Open pkopta opened 3 years ago
I think this was partially addressed in 63888cbb, but I'm running into some problems with it.
First, if a job fails to start because the description is invalid, then manager.Manager
will move it into the FAILED
state, rather than submitting it to the Executor
. That makes sense, but in this case no NO_JOBS
event is generated even if the invalid job is the last one, which can cause api.manager.Manager.wait4all()
to wait for such a message forever.
Second, there's a race condition in api.manager.Manager.wait4all()
. If the last job was valid and finished, and its status and NO_JOBS messages have been queued, then the AllJobsFinished
check in api.manager.Manager.wait4all()
will return True and we return from the function immediately.

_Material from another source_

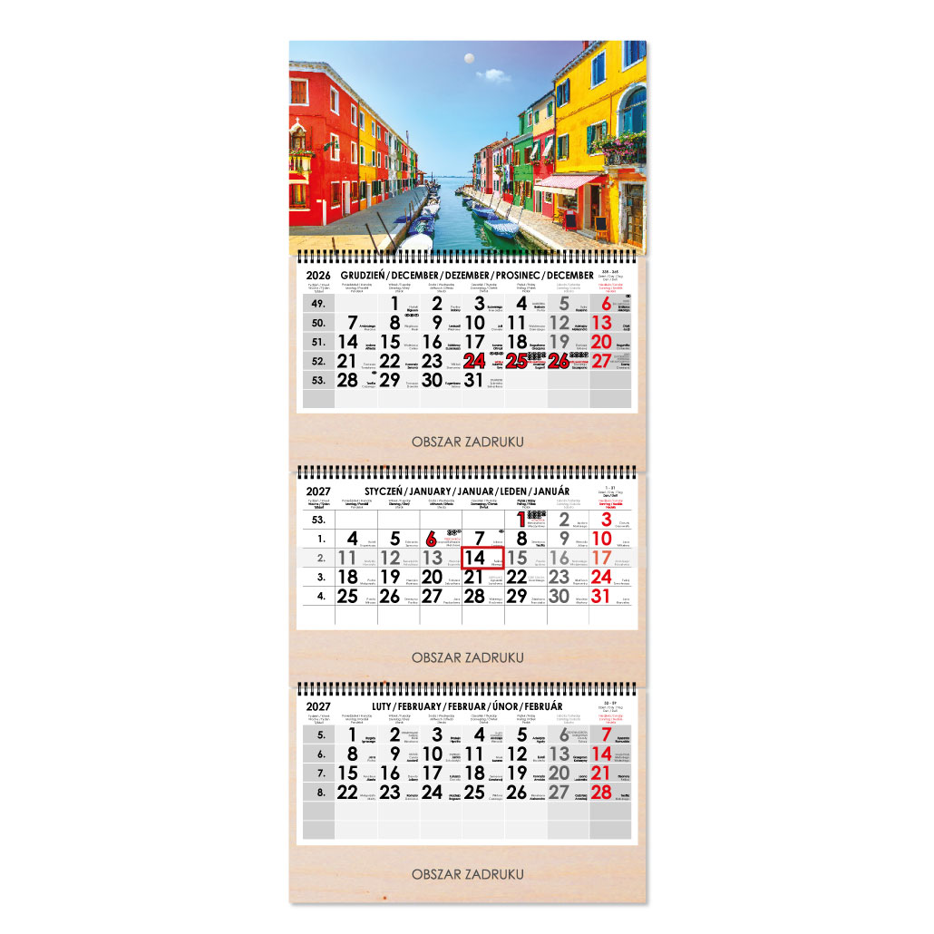 Dřevěný tříměsíční kalendář Trio Wood Benátky skládaný polský se spirálou 2027 - šedý

However, it's possible that the JST/JFI/NO_JOBS have not yet been received. As a result, on the next call to wait4all()
if a job is running then AllJobsFinished
will return False, but then those previous messages will be received by the poller and wait4all()
returns while there are still running jobs.

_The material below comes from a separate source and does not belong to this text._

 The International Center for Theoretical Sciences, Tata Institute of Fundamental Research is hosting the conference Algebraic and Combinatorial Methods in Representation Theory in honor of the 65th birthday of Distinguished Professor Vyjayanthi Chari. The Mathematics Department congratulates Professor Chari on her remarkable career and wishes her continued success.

This turned out to be a bit tricky to fix but I think I have something that works. See the explanation in #152.
An even better solution would be to replace the synchronous status request with AllJobsFinished
with a request that, on the server side, checks whether there are any active jobs, and if not posts a NO_JOBS message to the event queue. Then the client side can simply call that and then process events until it runs into a NO_JOBS one. But that requires a change in the protocol, and it will mean requiring a Poller rather than having it be optional, so I stopped short of that.
Currently if client submit 1k jobs, he asks about 1k job statuses. Instead there should be info returned from QCG-PJ if all submited jobs finished.